● REQUIREMENT
Write out exactly, excluding pictures, the lines from the one containing "行李箱男拉杆箱多功能女学生大容量旅行箱密码箱皮箱子登机箱20寸 浅灰蓝拉链 26英寸" through the end of the data, both included.
==== DATASET EXCERPTS
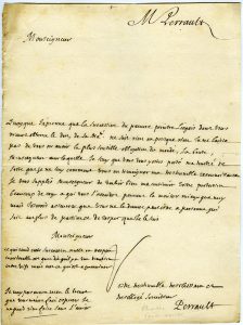 PERRAULT Charles (1628 1703) conteur et critique, il était Contrôleur Général de la Surintendance des bâtiments; membre fondateur de l'Académie des Inscriptions en 1663 [AF 1671, 23e f]. —
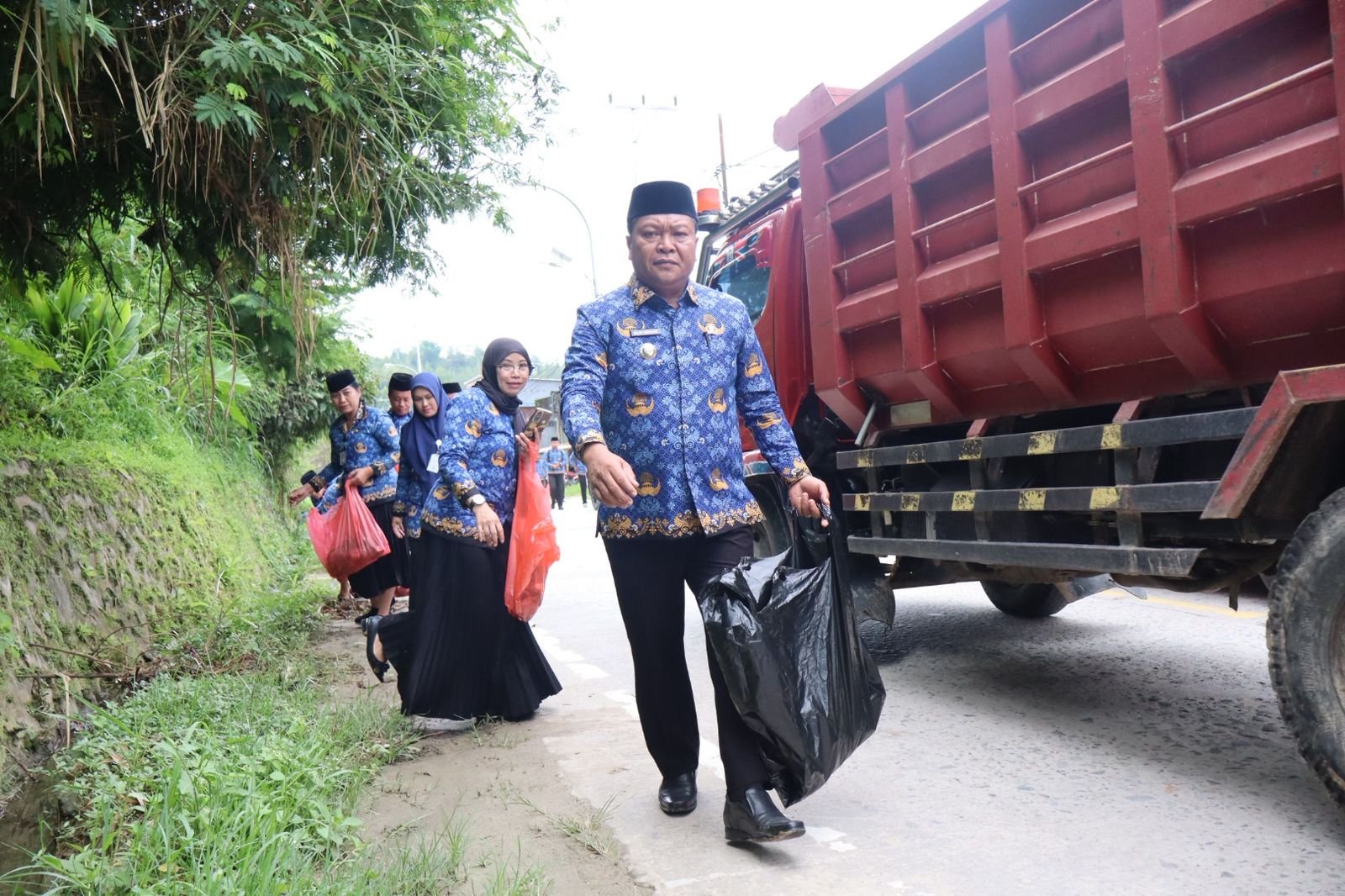 Usai upacara para peserta upacara melakukan aksi pungut sampah di jalan yang dipimpin langsung oleh Bupati Mamasa bersama jajaran pimpinan OPD Lingkungan Pemkab Mamasa.( Agustinus)
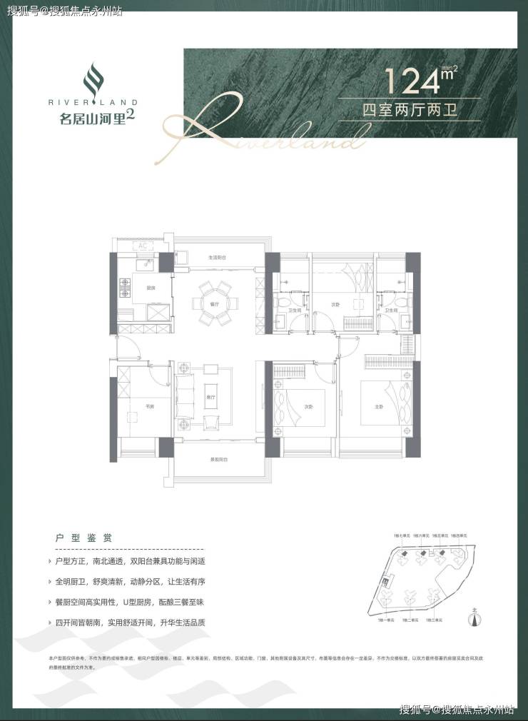 124㎡四室两厅两卫,设计的是南北通格局,客厅3.5米开间,南北通透双阳台,四开间朝南,全屋飘窗,U型厨房,得房率:71.36%(不含赠送),阳台1.5米进深,主朝东南向。
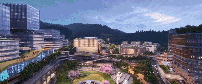 在空间规划与功能布局上,玉龙片区充分结合山地地形特色打造多维立体的城市空间,呈现“创智高地+生态绿谷+漫游公园”的独特形态。
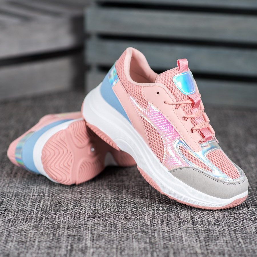 Detalles: Bona Zapatillas rosas con malla azul gris
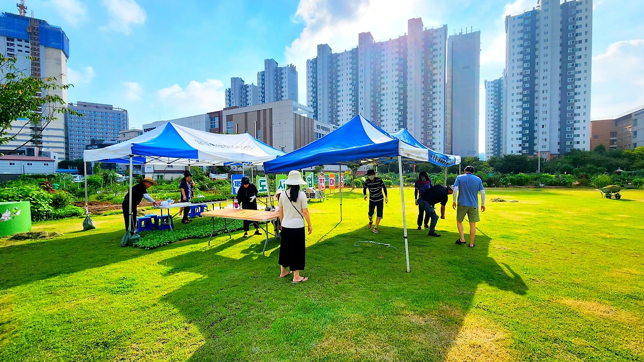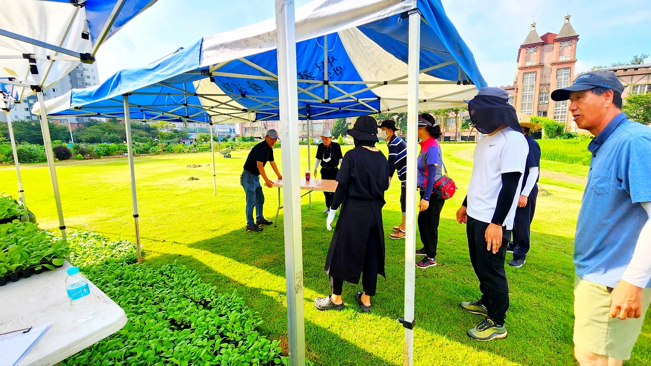 등장인물이 공간에 한 사람씩 등장하듯이 165개의 텃밭 주인들이 드문드문 나타나서 배추 모종과 쪽파 구근을 받아가는 것이다. 이 풍경은 봄날의 상추 모종 나누기와 대비된다. 봄날에는 사람들이 한 번에 몰려 나눔이 다소 정신이 없었다면, 이번에는 드문드문 오는 분들을 일일이 안내하여 질서 정연하게 나눔을 하였다. 두어 시간 동안의 일이었지만, 한낮의 시간대에는 태양 빛이 발산하는 권태로움이 있다. 게다가 사람들 역시 드문드문 온다. 운영위원들은 모두 천막 아래에서 같이 그 시간을 보내고 있다. 그렇다. 이 권태로운 태양 빛의 시간을 같이 보내는 그 자체가 바로 '일'이었다. 그리고 여러 사람이 한데 어울려 같이 있다는 바로 그것이 '에너지'였다. 사람들이 드문드문 와도 아무렇지 않게 지나갈 수 있고, 같이 즐겁게 웃으며 시간을 보낼 수 있는 것 그리고 바로 이것이 텃밭 농장을 이끄는 동력이 된다는 것도. 모여 있는 이들 자체가 즐거우면 되는 것이고, 그 에너지가 빛에 의해 퍼지는 것. 이내 각각의 텃밭에 사람들이 모종을 심었다. 사람들은 드문드문 오지만 어느새 텃밭에는 사람들이 많아졌다는 것.
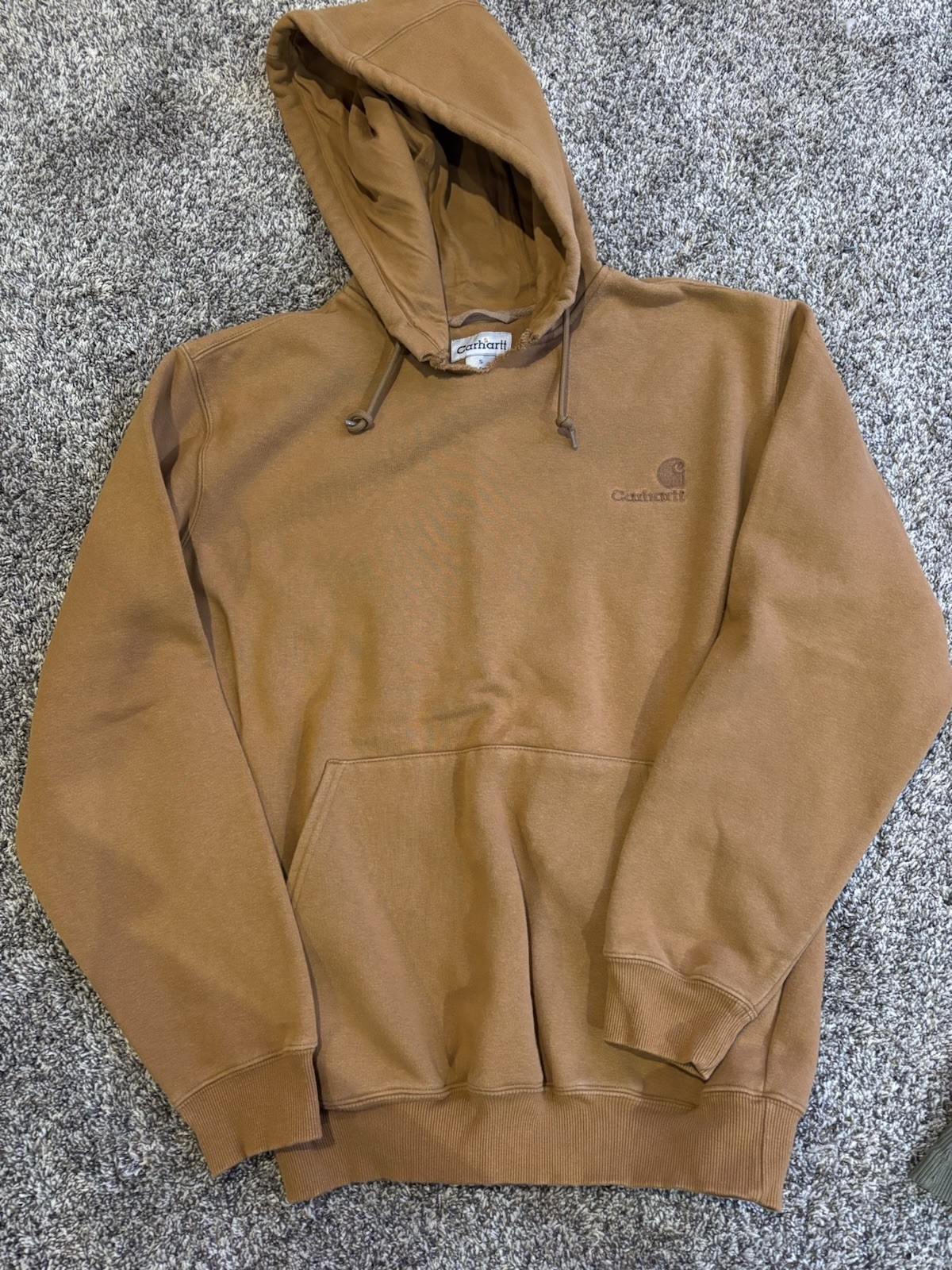 как выглядит VTG 90 s Carhartt Rugged Outdoor Wear Hoodie Small Distressed Brown Tan Rate фото
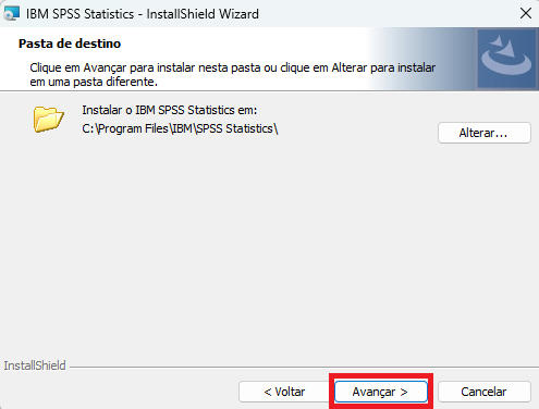 - Em “Pasta de destino”, clicar em “Avançar”.
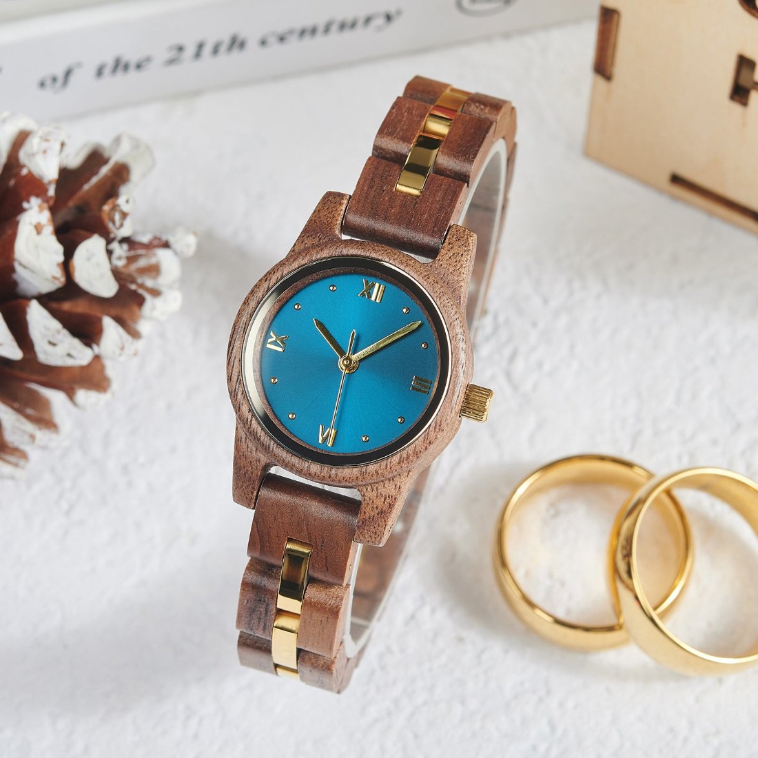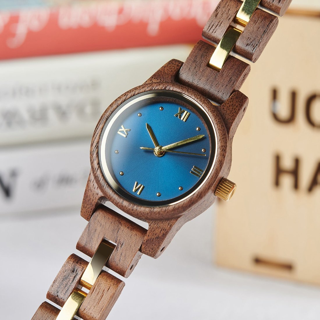 The Classic Women’s Wood Watch Sleek Walnut Blue Dial
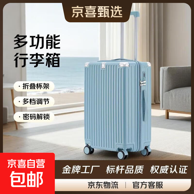 行李箱男拉杆箱多功能女学生大容量旅行箱密码箱皮箱子登机箱20寸 浅灰蓝拉链 26英寸
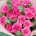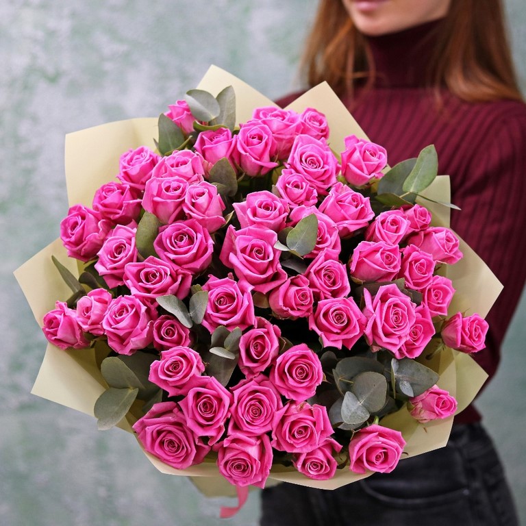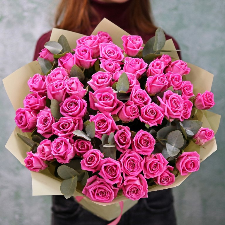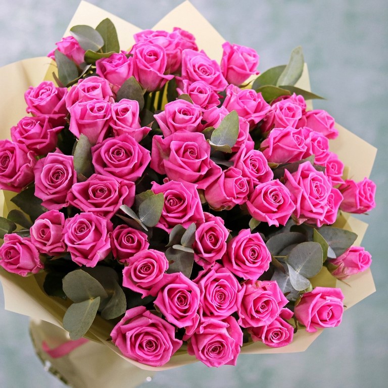 Букет из розовых роз сорта Аква с эвкалиптом. Вы можете выбрать любое количество цветов указанное в перечне к данному букету.
========
● FINAL ANSWER
 行李箱男拉杆箱多功能女学生大容量旅行箱密码箱皮箱子登机箱20寸 浅灰蓝拉链 26英寸
 Букет из розовых роз сорта Аква с эвкалиптом. Вы можете выбрать любое количество цветов указанное в перечне к данному букету.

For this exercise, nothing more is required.